Incidents should improve the protocol test corpus, not just operations.

40. Runbook anti-patterns

Operators and implementers SHOULD avoid:

reboot first, preserve evidence later
local patch that changes consensus behavior silently
protocol-wide panic halt for a local-only bug
waiting for full root cause before containment
restoring proposer/notary roles before replay checks
unclear distinction between safe mode and halt
emergency action with no expiry or no audit trail
trusting dashboards over canonical replay
re-enabling compromised keys without rotation
closing incident because telemetry is quiet but root cause unknown

41. Formal goals

AZ-015 urmărește patru obiective:

41.1 Containment soundness

Incidentele pot fi limitate rapid fără a produce și mai multă ambiguitate protocolară.

41.2 Recovery replayability

Recovery can reconstruct trusted state from canonical finalized truth.

41.3 Operational auditability

Deciziile de incident pot fi urmărite și evaluate post-factum.

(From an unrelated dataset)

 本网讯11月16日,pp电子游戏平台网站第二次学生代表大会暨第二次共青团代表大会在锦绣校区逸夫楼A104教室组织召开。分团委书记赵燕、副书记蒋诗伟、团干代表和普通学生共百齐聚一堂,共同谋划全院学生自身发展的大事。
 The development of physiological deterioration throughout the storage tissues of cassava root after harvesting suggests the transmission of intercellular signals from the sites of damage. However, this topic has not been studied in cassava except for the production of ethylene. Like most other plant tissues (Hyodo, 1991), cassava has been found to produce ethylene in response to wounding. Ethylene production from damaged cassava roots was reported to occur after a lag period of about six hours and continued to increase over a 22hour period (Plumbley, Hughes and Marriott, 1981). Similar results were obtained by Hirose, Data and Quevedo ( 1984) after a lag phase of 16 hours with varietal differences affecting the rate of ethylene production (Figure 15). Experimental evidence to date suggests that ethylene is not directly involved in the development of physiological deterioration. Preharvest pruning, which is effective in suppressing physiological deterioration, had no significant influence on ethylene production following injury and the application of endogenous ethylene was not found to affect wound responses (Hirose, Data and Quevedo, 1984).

41.4 Controlled return to service

Revenirea la normal nu se face prin presupuneri, ci prin criterii verificabile.

42. Formula documentului

Incident Response = classify + preserve evidence + contain minimally + replay canonical truth + recover in stages + re-enable by criteria + publish audit trail

43. Relația cu restul suitei

AZ-010 a definit modelul de securitate.
AZ-014 a definit dovada și penalitatea.
AZ-015 definește operațiunile umane și ale nodurilor în jurul incidentelor.

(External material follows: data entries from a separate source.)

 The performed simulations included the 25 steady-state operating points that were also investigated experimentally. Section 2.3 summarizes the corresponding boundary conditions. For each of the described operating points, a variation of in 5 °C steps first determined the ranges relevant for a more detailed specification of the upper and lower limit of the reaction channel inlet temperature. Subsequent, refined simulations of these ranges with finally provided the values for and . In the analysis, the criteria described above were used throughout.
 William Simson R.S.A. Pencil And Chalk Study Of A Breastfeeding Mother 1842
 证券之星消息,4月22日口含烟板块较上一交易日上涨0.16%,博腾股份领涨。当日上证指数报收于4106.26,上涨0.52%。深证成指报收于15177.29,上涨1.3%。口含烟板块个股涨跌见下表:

Pe scurt: dacă AZ-014 spune cum dovedești fault-ul, AZ-015 spune cum supraviețuiești lui.

44. Ce urmează

După AZ-015, documentul corect este:

AZ-016 — Genesis Specification

Acolo trebuie fixate:

parametrii genesis,
activele inițiale,
validatorii inițiali,
seed-ul inițial,
registries inițiale,
param state inițial,
feature flags inițiale.

Închidere

Un protocol serios nu este cel care presupune că incidentele nu vor exista. Este cel care știe deja: cum le recunoaște, cum nu pierde evidența, cum nu agravează situația prin reacții haotice, și cum revine la operare fără să mintă despre starea sistemului.

Acolo începe reziliența operațională reală.